** Data under study **
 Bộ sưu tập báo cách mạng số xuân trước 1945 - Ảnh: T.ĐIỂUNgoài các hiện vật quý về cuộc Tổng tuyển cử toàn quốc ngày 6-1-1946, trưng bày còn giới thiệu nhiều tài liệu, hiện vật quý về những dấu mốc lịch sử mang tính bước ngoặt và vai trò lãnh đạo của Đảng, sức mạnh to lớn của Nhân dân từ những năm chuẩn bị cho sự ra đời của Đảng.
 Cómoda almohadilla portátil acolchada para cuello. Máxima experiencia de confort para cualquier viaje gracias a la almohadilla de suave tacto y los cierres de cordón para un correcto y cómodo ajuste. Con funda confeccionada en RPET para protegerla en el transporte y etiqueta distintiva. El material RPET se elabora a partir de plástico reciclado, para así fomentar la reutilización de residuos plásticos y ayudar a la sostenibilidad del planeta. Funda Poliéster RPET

...

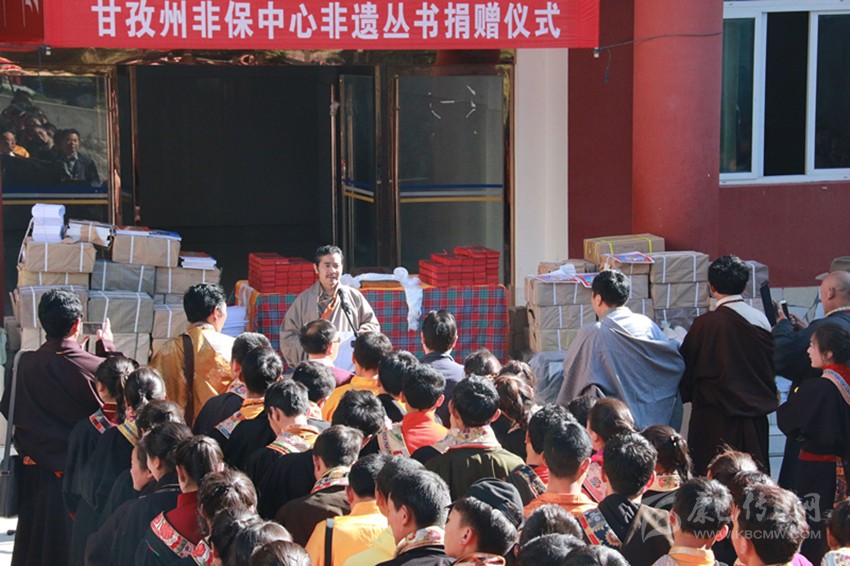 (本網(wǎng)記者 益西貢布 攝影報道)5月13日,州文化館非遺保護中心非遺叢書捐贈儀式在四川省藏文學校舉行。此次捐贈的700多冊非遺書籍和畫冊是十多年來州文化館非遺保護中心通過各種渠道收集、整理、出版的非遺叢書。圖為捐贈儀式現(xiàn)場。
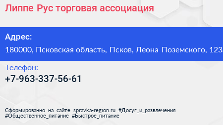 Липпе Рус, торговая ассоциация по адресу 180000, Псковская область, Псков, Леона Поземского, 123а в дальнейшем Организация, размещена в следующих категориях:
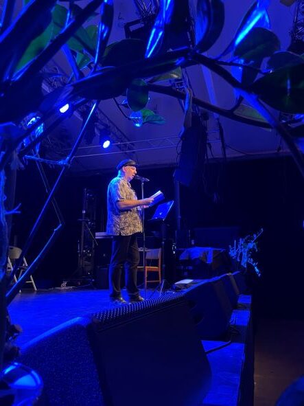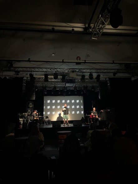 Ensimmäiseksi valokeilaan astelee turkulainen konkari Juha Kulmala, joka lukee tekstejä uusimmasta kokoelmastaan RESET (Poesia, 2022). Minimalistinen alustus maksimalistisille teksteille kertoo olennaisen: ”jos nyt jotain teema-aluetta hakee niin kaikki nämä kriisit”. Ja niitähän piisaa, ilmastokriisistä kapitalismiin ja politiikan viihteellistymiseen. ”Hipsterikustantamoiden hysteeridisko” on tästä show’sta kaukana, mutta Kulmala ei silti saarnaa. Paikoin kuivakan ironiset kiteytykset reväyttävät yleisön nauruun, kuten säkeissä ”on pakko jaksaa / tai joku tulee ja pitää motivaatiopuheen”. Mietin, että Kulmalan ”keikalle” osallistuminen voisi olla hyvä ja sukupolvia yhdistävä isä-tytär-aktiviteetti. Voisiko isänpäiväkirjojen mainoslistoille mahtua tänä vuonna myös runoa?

==

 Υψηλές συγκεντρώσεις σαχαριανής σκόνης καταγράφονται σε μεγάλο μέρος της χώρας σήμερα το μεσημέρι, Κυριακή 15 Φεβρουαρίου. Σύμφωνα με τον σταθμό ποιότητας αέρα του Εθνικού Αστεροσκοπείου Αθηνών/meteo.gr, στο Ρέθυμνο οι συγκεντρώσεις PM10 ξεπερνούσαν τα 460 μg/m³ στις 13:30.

** Requirement **
Send back exactly the lines of the listing above starting at the one with "Bộ sưu tập báo" and ending at the one with "Cómoda almohadilla portátil", inclusive, and no others.

** Solution **
 Bộ sưu tập báo cách mạng số xuân trước 1945 - Ảnh: T.ĐIỂUNgoài các hiện vật quý về cuộc Tổng tuyển cử toàn quốc ngày 6-1-1946, trưng bày còn giới thiệu nhiều tài liệu, hiện vật quý về những dấu mốc lịch sử mang tính bước ngoặt và vai trò lãnh đạo của Đảng, sức mạnh to lớn của Nhân dân từ những năm chuẩn bị cho sự ra đời của Đảng.
 Cómoda almohadilla portátil acolchada para cuello. Máxima experiencia de confort para cualquier viaje gracias a la almohadilla de suave tacto y los cierres de cordón para un correcto y cómodo ajuste. Con funda confeccionada en RPET para protegerla en el transporte y etiqueta distintiva. El material RPET se elabora a partir de plástico reciclado, para así fomentar la reutilización de residuos plásticos y ayudar a la sostenibilidad del planeta. Funda Poliéster RPET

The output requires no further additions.